CANBERRA - The Australian Government will plead for the lives of its nine citizens facing death by firing squad in Bali for their alleged roles in a bid to smuggle heroin strapped to the bodies of four "mules".
Prime Minister John Howard's confirmation that Canberra would automatically appeal for any death sentence to be commuted came as signs emerged that the Australian Federal Police may be restricted in passing on any further information that could lead to execution.
The latest developments followed Indonesia's decision to charge all nine alleged smugglers under article 82 of its drug laws, which provides for the death sentence to be imposed for trafficking in narcotics.
They also came as Indonesia claimed the group's alleged ringleader and enforcer, Myuran Sukumaran, 24, was preparing another batch of heroin for shipment to Australia when he was arrested.
And in Australia, Foreign Minister Alexander Downer has confirmed that Sukumaran had been a temporary employee at the Foreign Affairs Department's Sydney passport office, and that his mother and brother continue to work there.
Indonesian police say Sukumaran and alleged accomplices Renae Lawrence, 27, and Matthew Norman, 18, held multiple passports, and that members of the group had previously met and travelled to Bali.
Downer said yesterday that he could not confirm that false passports had been used, but an internal investigation was under way.
He said that while Sukumaran had worked in the passports section he had not been involved in the authorisation of passports and, although it was possible he could have searched for information, there was no evidence he had done so.
And Downer said he had no evidence that Sukumaran's mother had done anything untoward in her work in the passport office.
Police in Indonesia and Australia believe the failed smuggling bid was part of a larger, more sophisticated operation and are trying to trace its major figures.
Australian Federal Police Commissioner Mick Keelty told Channel Nine a lot of factual material was available to investigators about the group's previous movements.
"Things ... that will unfold in the future are: how often this particular group might have travelled to Bali, not only the number of times but the occasions they've done it, [and] how often the groups they met with have been travelling to Bali from the other countries," he said.
Yesterday the Sydney Morning Herald reported that Bali police believe Sukumaran was preparing to export another shipment of heroin when police broke in and arrested him, Norman and alleged accomplices Si Yen Chen, 20, and Tach Duc Thanh Nguyen, 27.
The Herald quoted drug squad chief Lieutenant-Colonel Bambang Sugiarto as saying that 300g of heroin found in their room was to have been part of a second shipment to Australia.
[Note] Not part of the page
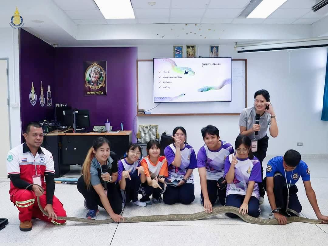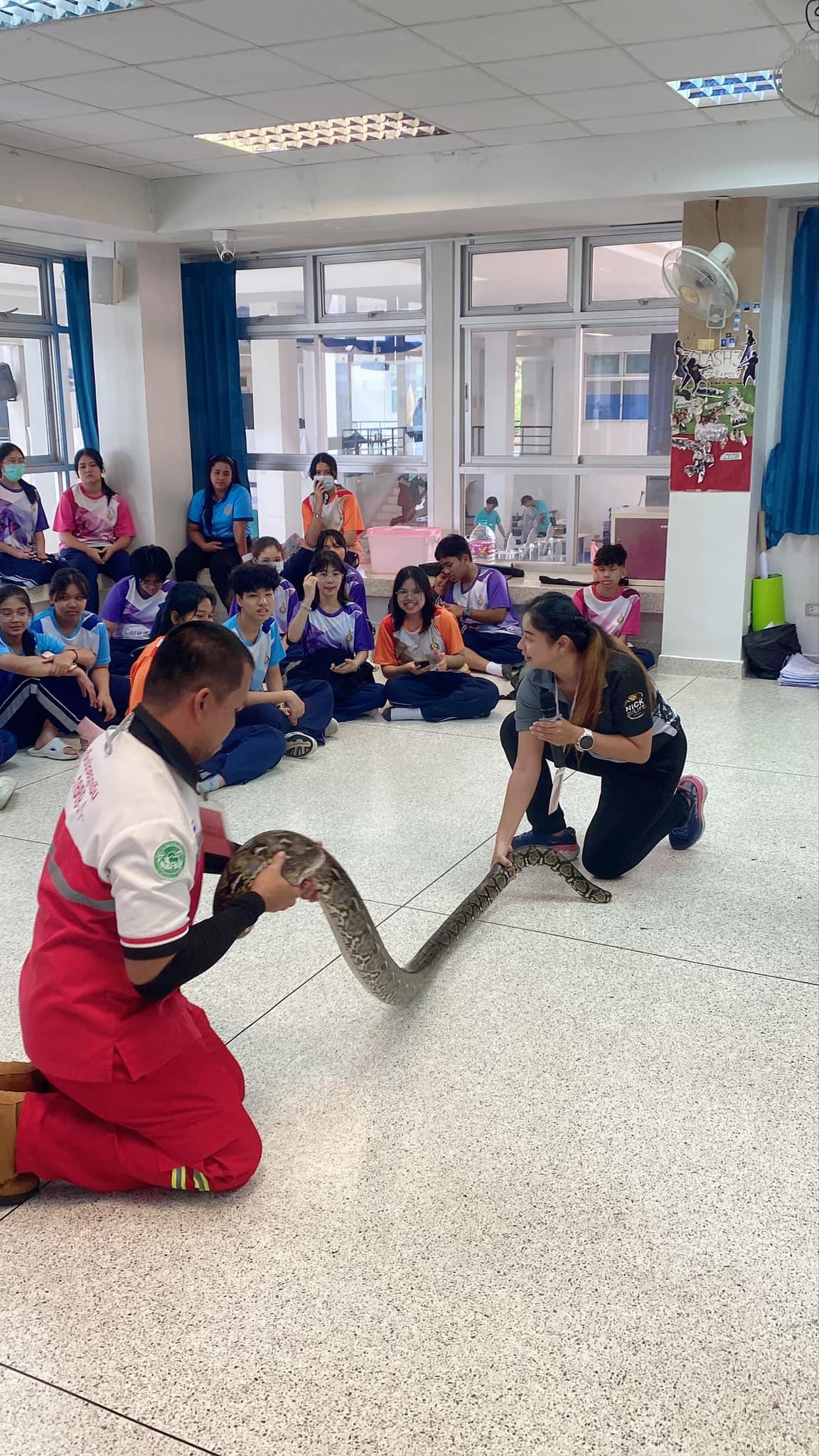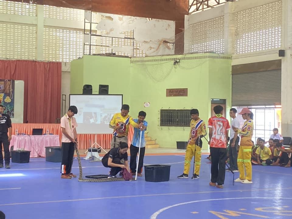 A second activity with a similar focus was organized at Thung Song Wittaya School, Nakhon Si Thammarat Province. Like the first program, this event introduced students to the ecological importance of snakes and their role in biodiversity. The lessons on venomous snake classification were repeated, ensuring that students understood the risks associated with different species. The venom system was again explained with clear examples, reinforcing scientific knowledge about how toxins affect humans and prey. Demonstrations of safe behavior during snake encounters were provided, with teachers and trainers guiding students step by step. Emphasis was placed on keeping calm, avoiding unnecessary harm to snakes, and contacting trained personnel for help. Students practiced basic first aid knowledge for snakebite, which is a critical life skill in rural and suburban areas. The activity was designed to be interactive, encouraging students to ask questions and share their experiences with snakes. By repeating these activities in multiple schools, the project reached a broader audience and built consistency in learning outcomes. The success of the Thung Song Wittaya program reflected the strong interest of students in both safety and biodiversity. Together, both activities strengthened the message that snakes should be respected as valuable parts of nature rather than feared without reason.
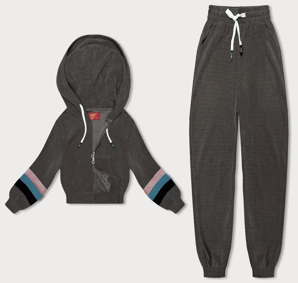 Dámská tepláková souprava v grafitové barvě s barevnými vsadkami (AMG-346A)

Federal police had previously passed intelligence to Bali that allowed police there to place the group under surveillance to ensure they could be charged under article 82 with exporting narcotics.
But there are now doubts about what more information can be passed on because of the decision to charge the group under a law that invokes the death penalty.
Laws laying down the rules under which evidence to be used in criminal cases can be passed to another country through mutual assistance agreements limit the extent of co-operation when the death penalty is involved.
Howard yesterday confirmed Canberra's opposition to the death penalty.
"We have a longstanding policy that if an Australian is sentenced to death overseas we do everything we can to win a reprieve."